The plan of course is to start writing tracks together, along with Phora who is also usually a strictly solo emcee. The Anaheim-bred rapper with inspirational, true-life flows shares a knack for creating vivid, storyteller rhymes about his past, as well as viral videos and a cult-like fan base that help him sidestep the traditional path to success.

“Phora’s a real cool dude,  we’ve been friends for a few years. He has the independent game on lock,” Hopsin says. “We always talk and share each other’s stories about being independent artists. He takes what he needs from that and I take what I need.” Hopsin even makes a cameo in Phora’s latest video “Open Letter,” in which he kidnaps Donald Trump.

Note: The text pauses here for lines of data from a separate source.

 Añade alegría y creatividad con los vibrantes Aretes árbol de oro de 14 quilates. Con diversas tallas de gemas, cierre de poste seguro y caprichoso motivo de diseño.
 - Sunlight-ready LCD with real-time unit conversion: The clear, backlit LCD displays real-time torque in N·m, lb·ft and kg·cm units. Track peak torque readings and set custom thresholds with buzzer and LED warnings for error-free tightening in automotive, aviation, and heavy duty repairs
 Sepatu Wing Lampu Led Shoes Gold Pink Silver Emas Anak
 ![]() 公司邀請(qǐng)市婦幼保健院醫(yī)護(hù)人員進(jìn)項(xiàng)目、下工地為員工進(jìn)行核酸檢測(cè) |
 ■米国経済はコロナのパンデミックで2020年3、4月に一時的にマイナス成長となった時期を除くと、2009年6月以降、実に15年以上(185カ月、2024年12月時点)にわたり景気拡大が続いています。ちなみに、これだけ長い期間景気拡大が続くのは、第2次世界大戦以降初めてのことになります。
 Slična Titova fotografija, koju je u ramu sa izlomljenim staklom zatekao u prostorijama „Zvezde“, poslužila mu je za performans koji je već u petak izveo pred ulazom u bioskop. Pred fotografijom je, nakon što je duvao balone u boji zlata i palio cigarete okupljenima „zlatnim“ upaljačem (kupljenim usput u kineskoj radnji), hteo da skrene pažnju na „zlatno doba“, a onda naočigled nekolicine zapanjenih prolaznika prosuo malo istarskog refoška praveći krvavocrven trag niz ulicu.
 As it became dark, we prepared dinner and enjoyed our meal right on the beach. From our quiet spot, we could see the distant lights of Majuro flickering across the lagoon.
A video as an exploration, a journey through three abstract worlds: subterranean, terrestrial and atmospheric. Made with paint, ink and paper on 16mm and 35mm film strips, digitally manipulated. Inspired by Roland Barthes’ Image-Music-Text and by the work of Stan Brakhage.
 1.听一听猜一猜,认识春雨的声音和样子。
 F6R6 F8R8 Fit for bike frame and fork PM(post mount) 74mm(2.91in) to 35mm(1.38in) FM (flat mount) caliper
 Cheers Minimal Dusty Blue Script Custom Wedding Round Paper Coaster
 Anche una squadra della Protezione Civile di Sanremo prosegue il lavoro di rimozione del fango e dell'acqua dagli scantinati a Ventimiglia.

All of this points to the fact that as an emcee, Hopsin’s desire to grow his career as an independent artist won’t happen unless he has the right people around him to offer support and some sensational bars. His plan to release singles for the next 12 months is the kind of thing that says a lot about where the music industry places value these days. Cranking out dope tracks one at a time paired with well-produced viral videos to feed to a ravenous fan base will do a lot more than the age-old model of dropping an album and a few videos after the fact. On the flip side, collaborating with Charm Brittian, Phora and others can only serve to boost his creative flow and introduce these two OC-bred rappers to an even wider audience.

Hopsin has come a long way since that show in Fort Collins, Colorado that ended before it began with him walking out the back door and ditching his performance completely. But with a new manager, collaborators and aspirations to evolve, it’s the possibility for another creative breakthrough seems imminent, even if it won’t be overnight. “Now I feel more motivated,” he says. “I just had the wrong perspective on my career, now I have a different perspective…Right now we’re just planting seeds. I’ve been meeting a lot of artists and setting up a lot of collaborations. By 2017 you’ll say okay, I see what Hopsin was doing there.”